The main strategy employed by ENCODE has been the identification of candidate functional elements using genome-wide biochemical assays associated with specific classes of DNA elements. This approach has been augmented by comparison of sequences and candidate elements across species. The term functional elements is used here to refer to genes (protein-coding and non-coding) and regulatory regions. Decades of gene regulation studies have identified mechanistic events (such as changes in chromatin structure and protein occupancy) that are being used to make predictions of regulatory elements; given that the accuracy of any untested prediction is unknown, the term candidate functional elements is used here. As many functional elements are manifest only in specific cellular contexts, multiple cell types have been interrogated to maximize discovery of candidate elements. A portion of ENCODE’s effort has been devoted to analysis of the mouse genome, as annotation of the mouse genome has facilitated understanding of the human genome.

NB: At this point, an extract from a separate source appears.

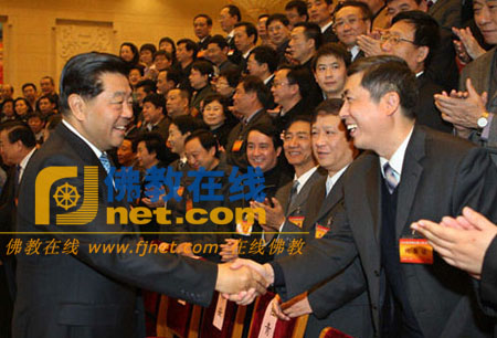 佛教在线北京讯 2009年1月7日,2009年全国宗教工作会议在北京隆重召开,中共中央政治局常委、全国政协贾庆林主席会见与会代表并发表了重要讲话。他强调,各级宗教工作部门要认真贯彻党的宗教工作基本方针,围绕中心、服务大局,强化管理、促进和谐,全力维护我国社会安定团结的良好局面,以优异的工作成绩迎接新中国成立60周年。

Candidate functional elements that have been identified by ENCODE include genes, RNA transcripts, regulatory elements encoded in DNA (including enhancers, promoters, and insulators) and regulatory elements acting at the RNA level (including those that regulate splicing, translation, and RNA stability). ENCODE has used genomic methods (e.g., RNA-seq, ChIP-seq, DNase-seq) based on biochemical assays that have been developed and widely used by the research community to study gene regulation. These assays, which map features that have been mechanistically linked to gene regulation, have been used by epigenomics projects (such as ENCODE, the Roadmap Epigenomics Mapping Centers [REMC], and the International Human Epigenome Consortium [IHEC]), as well as many individual investigators in the research community to identify candidate functional regions of the genome.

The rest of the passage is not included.